NO LOCKS WERE REQUESTED TO BE FREED.
THE SDWA WAS REQUESTED TO BE FREED BEFORE RETRY.

The information is a superset of the information in DAE. You get the registers at the point of failure, and what recovery action was taken. (Programs can ignore some abends, or pass the decision to a program higher up the stack).

In this case I can see there was no dump taken because of DAE.

The information in the logrec record was enough for me to debug the program. I did not need an SDUMP.

Processing LOGREC

Logrec is a z/OS dataset which records information about events, such as hardware problems, and software abends.
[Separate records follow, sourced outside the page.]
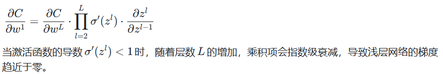 梯度消失问题的数学本质可以从多个角度理解。首先,从激活函数导数的累积效应来看,考虑一个具有L层的神经网络,每层使用相同的激活函数,则第 1 层的梯度可以表示为: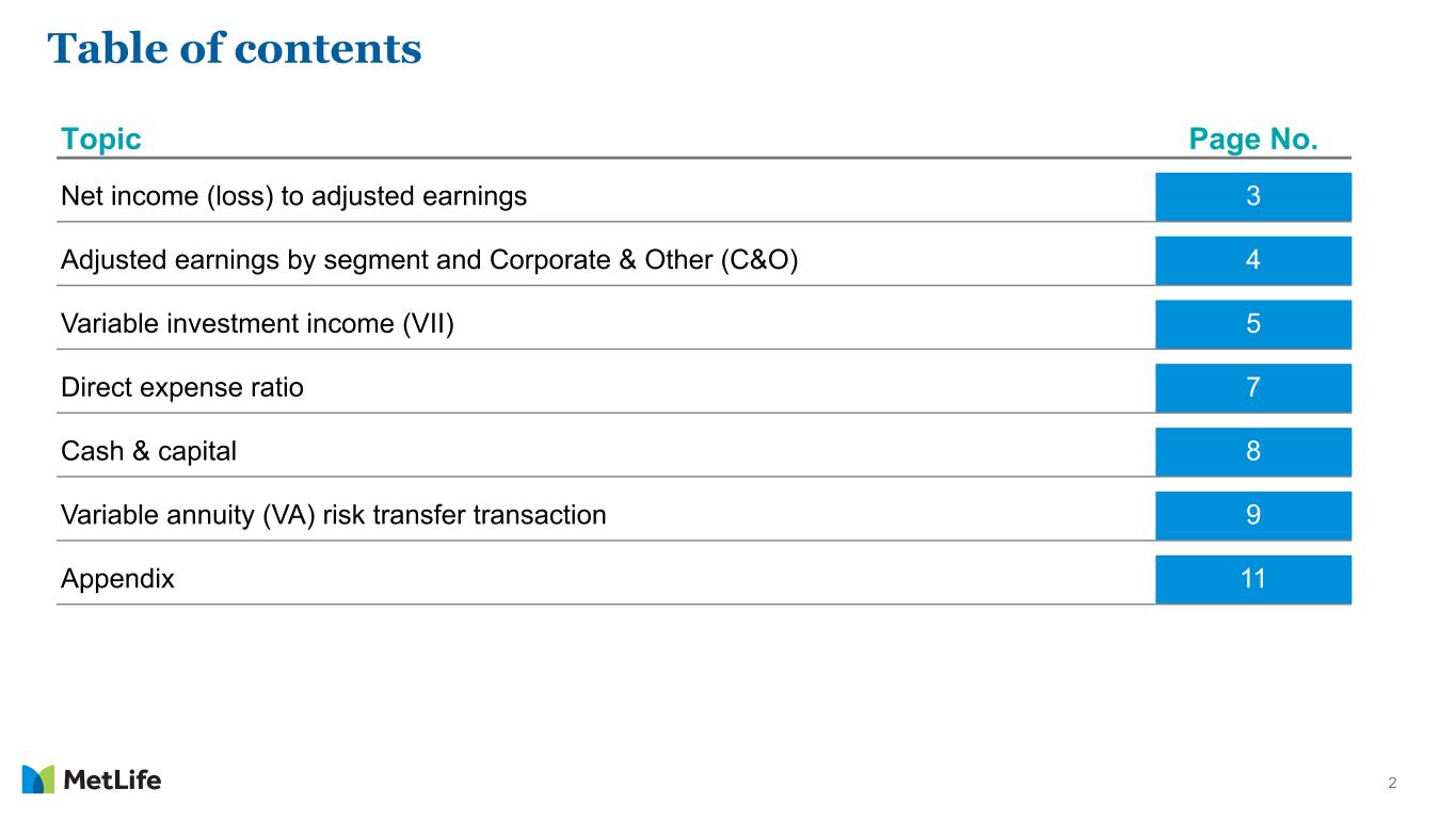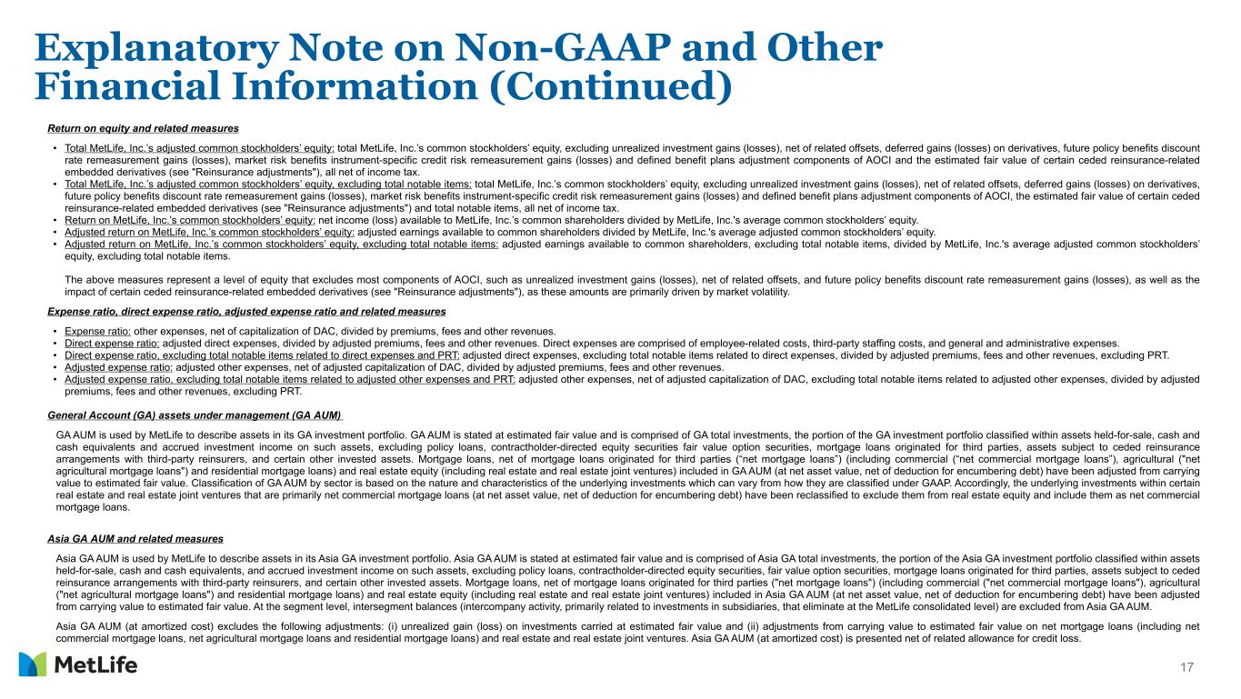 16 Explanatory Note on Non-GAAP and Other Financial Information (Continued) Asymmetrical and non-economic accounting adjustments are made to the line items indicated in calculating adjusted earnings: • Net investment income includes earned income on derivatives and amortization of premium on derivatives that are hedges of investments or that are used to replicate certain investments, but do not qualify for hedge accounting treatment ("Investment hedge adjustments"). • Other revenues include settlements of foreign currency earnings hedges and exclude asymmetrical accounting associated with in-force reinsurance. • Policyholder benefits and claims excludes (i) amortization of basis adjustments associated with de-designated fair value hedges of future policy benefits, (ii) inflation-indexed benefit adjustments associated with contracts backed by inflation- indexed investments, (iii) asymmetrical accounting associated with in-force reinsurance, and (iv) non-economic losses incurred at contract inception for certain single premium annuity business. These losses are amortized into adjusted earnings within policyholder benefits and claims over the estimated lives of the contracts. • Policyholder liability remeasurement gains (losses) excludes asymmetrical accounting associated with in-force reinsurance. • Interest credited to policyholder account balances excludes amounts associated with periodic crediting rate adjustments based on the total return of a contractually referenced pool of assets and other pass-through adjustments and asymmetrical accounting associated with in-force reinsurance. "Divested businesses" are those that have been or will be sold or exited by MetLife but do not meet the discontinued operations criteria under GAAP. Divested businesses also include the net impact of transactions with exited businesses that have been eliminated in consolidation under GAAP and costs relating to businesses that have been or will be sold or exited by MetLife that do not meet the criteria to be included in results of discontinued operations under GAAP. "Reinsurance adjustments" relate to balances subject to ceded reinsurance arrangements with third parties and the related investment returns and other expenses which are passed through to the third-party reinsurers. Other adjustments are made in calculating adjusted earnings: • Net investment income and interest credited to policyholder account balances excludes certain amounts related to contractholder-directed equity securities ("Unit-linked contract income") and ("Unit-linked contract costs"). Net investment income also excludes Reinsurance adjustments. • Other revenues include fee revenue on synthetic guaranteed interest contracts ("GICs") accounted for as freestanding derivatives. • Other revenues exclude and other expenses include fees received in connection with services provided under transition service agreements. • Other expenses exclude (i) Reinsurance adjustments, (ii) implementation of new insurance regulatory requirements and other costs, and (iii) acquisition, integration and other related costs. Other expenses include (i) deductions for net income attributable to noncontrolling interests, and (ii) benefits accrued on synthetic GICs accounted for as freestanding derivatives. Adjusted earnings also excludes the recognition of certain contingent assets and liabilities that could not be recognized at acquisition or adjusted for during the measurement period under GAAP business combination accounting guidance. The tax impact of the adjustments mentioned above are calculated net of the U.S. or foreign statutory tax rate, which could differ from MetLife's effective tax rate. Additionally, the provision for income tax (expense) benefit also includes the impact related to the timing of certain tax credits, as well as certain tax reforms. In addition, adjusted earnings available to common shareholders excludes the impact of preferred stock redemption premium, which is reported as a reduction to net income (loss) available to MetLife, Inc.’s common shareholders. Investment portfolio gains (losses) and derivative gains (losses) These are measures of investment and hedging activity. Investment portfolio gains (losses) principally excludes amounts that are reported within net investment gains (losses) but do not relate to the performance of the investment portfolio, such as gains (losses) on sales and divestitures of businesses, as well as investment portfolio gains (losses) of divested businesses. Derivative gains (losses) principally excludes earned income on derivatives and amortization of premium on derivatives, where such derivatives are either hedges of investments or are used to replicate certain investments, and where such derivatives do not qualify for hedge accounting. This earned income and amortization of premium is reported within adjusted earnings and not within derivative gains (losses).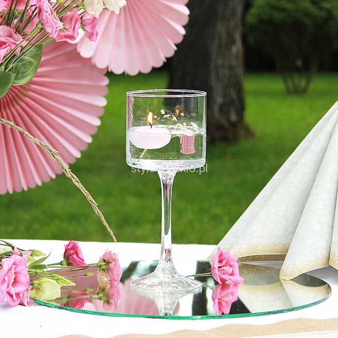 Zwykle świecznik szklany na nodze rozmieszczany jest symetrycznie na całej długości stołów. Wewnątrz świecznika, tuż obok świecy, można umieścić dodatkowe roślinne dekoracje. W naszej ofercie świeczniki mają różną wysokość, więc z powodzeniem możemy tworzyć z nich całe zestawy. Świecznik szklany na nodze można również aranżować, dopasowując go do pory roku, zbliżających się świąt lub wyjątkowych okazji.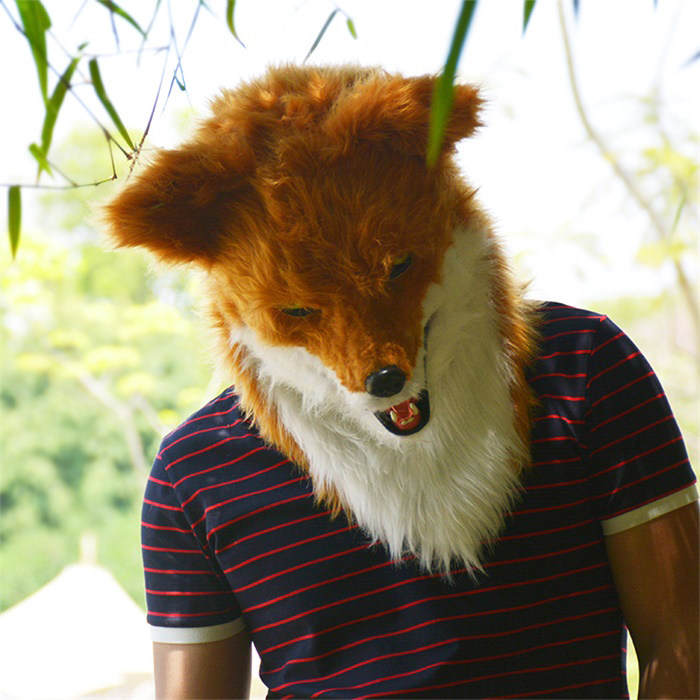 Wildbeast new simulation fox mask fucking fuzzy fox props Halloween headset to move mouth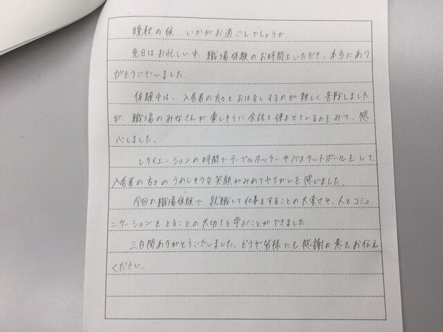 職場体験後、素敵なお手紙をいただいたのでご紹介します。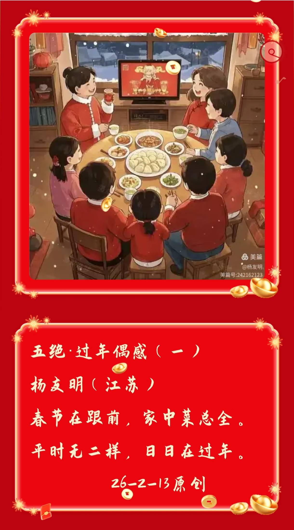 ·《跨年音乐会》:“跨年音乐会,苏大彻高歌。姐弟登台唱,狂欢有老哥。”通过描绘音乐会场景,体现了亲情带来的温暖与欢乐。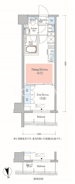 | 間取り | 1DK | 専有面積 | 25.51㎡ |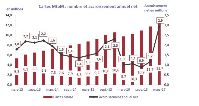 Le marché du MtoM connaît une expansion toujours plus forte chaque année. Une progression qui s’explique notamment par un nombre d’objets connectés qui ne cesse de s’accroître et qui atteindra selon l’Idate près de 80 milliards d’entités connectées en 2020. Le parc MtoM représente le nombre de cartes SIM utilisées pour la communication entre équipements distants (gestion à distance d'équipements, terminaux et serveurs, fixes ou mobiles). Ces cartes sont par exemple utilisées pour le traçage des objets et outils de travail (flottes de véhicules, machines...), à des fins d'actualisation de données (relevés à distance de compteurs, de capteurs...), d'identification et de surveillance de tous ordres (alarmes, interventions à distance... Les cartes sont comptabilisées que la communication se fasse uniquement en réception, uniquement en émission ou les deux. Ne sont pas comptabilisées dans cette rubrique les cartes utilisées pour les communications interpersonnelles et les cartes internet exclusives.
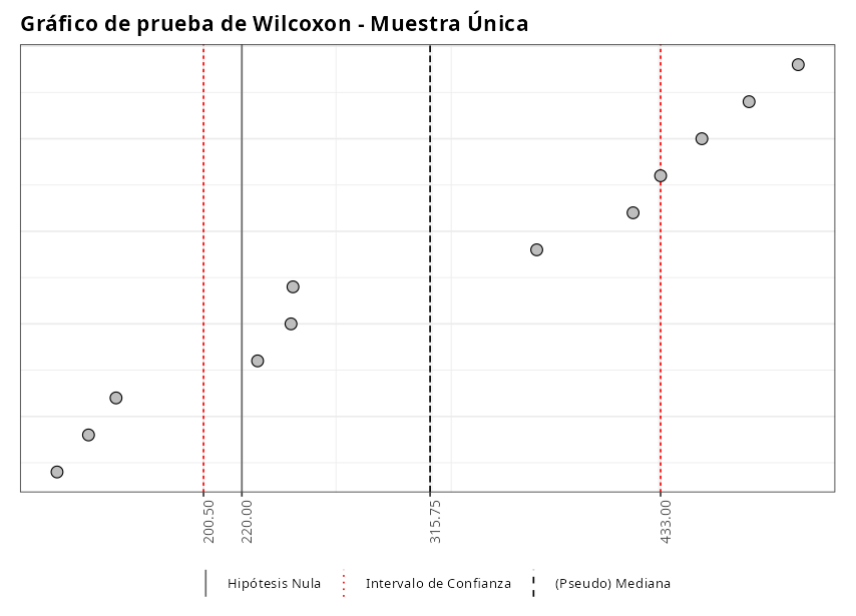 El estadístico de prueba es V = 63. Como el P-valor es igual a 0.0639 = 6.39% > 5% no rechazamos la hipótesis nula de que $\theta_0$ = 220 en el nivel de 5% de significancia.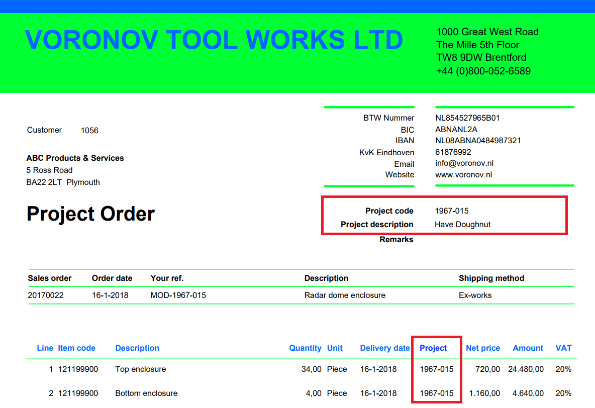 (Click to enlarge) We have added the Project Code and Project description to the sales order header and to the sales order lines:

Information is written to the dataset even though the information may have been suppressed elsewhere.

JCL to print it

//IBMPEREP JOB (ACCT),'PRINT LOGREC',CLASS=A,MSGCLASS=H 
//STEP EXEC PGM=IFCEREP1,PARM='CARD'
//SERLOG DD DISP=SHR,DSN=SYS1.S0W1.LOGREC
//DIRECTWK DD UNIT=SYSDA,SPACE=(CYL,10,,CONTIG)
//EREPPT DD SYSOUT=A,DCB=BLKSIZE=133
//TOURIST DD SYSOUT=A,DCB=BLKSIZE=133
//ZERLOG DD SYSOUT=A,DCB=BLKSIZE=133
//SYSIN DD *
PRINT=PS
ACC=N
ZERO=N
ENDPARM
//

To print and clear specify ZERO=Y.

The command syntax is given here.

Example output

IPL record

IPL RECORD EDIT AND PRINTING SECTION                                                        
DAY YEAR HH MM SS TH
DATE -122 26 TIME -06 05 01 52
MODEL - 1090 CPU SERIAL NO. - 011238
MVS/ESA V7 R3

IPL REASON CODE - DF DEFAULT -U-
SUBSYSTEM ID - 00 SUBSYSTEM NAME - NULL
HIGHEST STORAGE ADDRESS 7FFFFFFF

LAST ACTIVITY INFORMATION :
DAY YEAR HH MM SS TH
DATE -121 26 TIME -19 14 13 68
END OF IPL RECORD

3270 termination

DEVICE NUMBER:  000703                DAY YEAR       JOB IDENTITY: VTAM                     

DEVICE TYPE: 3277
MODEL: 1090 HH MM SS.TH
ERROR PATH: EF-0703 CPU ID: 111238 TIME: 19 16 26.42
RECORD IS: TEMPORARY
MODE IS: 370XA

---UNIT STATUS---- SUB-CHANNEL STATUS
....

DEVICE DEPENDENT DATA

TYPE OF RECORD: CLOSEDOWN (X'20')

TERMINAL NAME: LCL703 SIO CNTR: 00000003 TEMP. ERRORS: 00

Software abend

See Where’s my dump?

How often should I clear it?

Periodically you should archive the data, so you can later do trend analysis, such as which disks are having more I/O problems than usual.

When logrec fills up, your automation can trigger a job to copy the logrec dataset, and clear it.